How Will the Atmosphere Change as Climate Continues to Change
The earth's climate is changing. Multiple lines of evidence show changes in our weather, oceans, and ecosystems, such as:
- Changing temperature and precipitation patterns.1 2
- Increases in ocean temperatures, sea level, and acidity.
- Melting of glaciers and sea ice.3
- Changes in the frequency, intensity, and duration of extreme weather events.
- Shifts in ecosystem characteristics, like the length of the growing season, timing of flower blooms, and migration of birds.
These changes are due to a buildup of greenhouse gases in our atmosphere and the warming of the planet due to the greenhouse effect.

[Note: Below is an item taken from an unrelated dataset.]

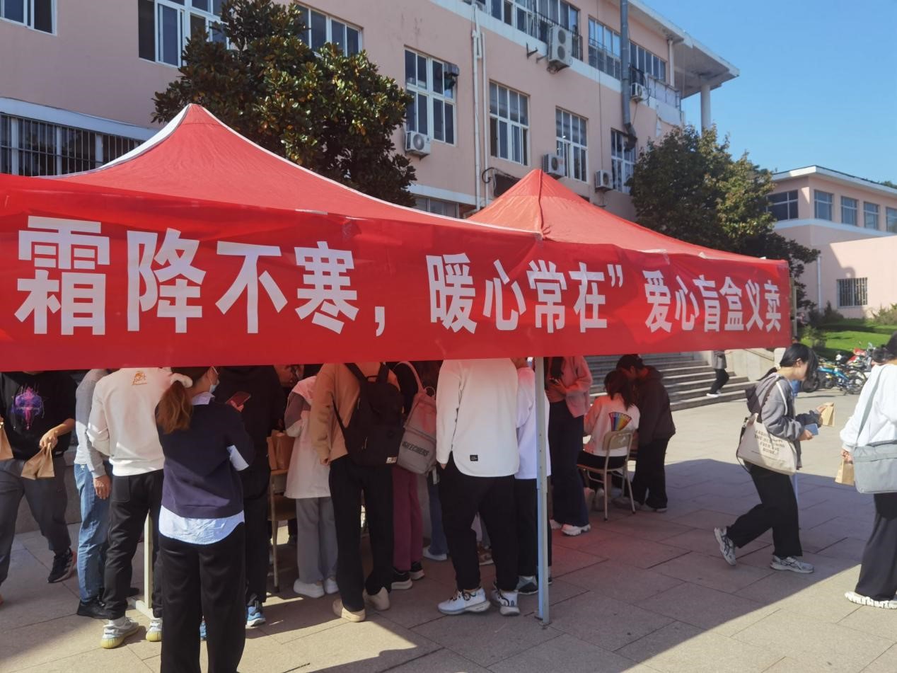 为了更好的帮助晓艺自闭症服务中心,为自闭症儿童募集善款,10月23日,青岛科技大学pp电子官方网站团委志工部红心青年志愿者协会于南苑餐厅门口举办以"霜降不寒,暖心常在"为主题的爱心盲盒义卖活动。

Atmospheric Data Trapped In Ice
Source: Smithsonian National Museum of Natural History, 2018
The Greenhouse Effect
The earth's temperature depends on the balance between energy entering and leaving the planet's system. When sunlight reaches the earth's surface, it can either be reflected back into space or absorbed by the earth. Incoming energy that is absorbed by the earth warms the planet. Once absorbed, the planet releases some of the energy back into the atmosphere as heat (also called infrared radiation). Solar energy that is reflected back to space does not warm the earth.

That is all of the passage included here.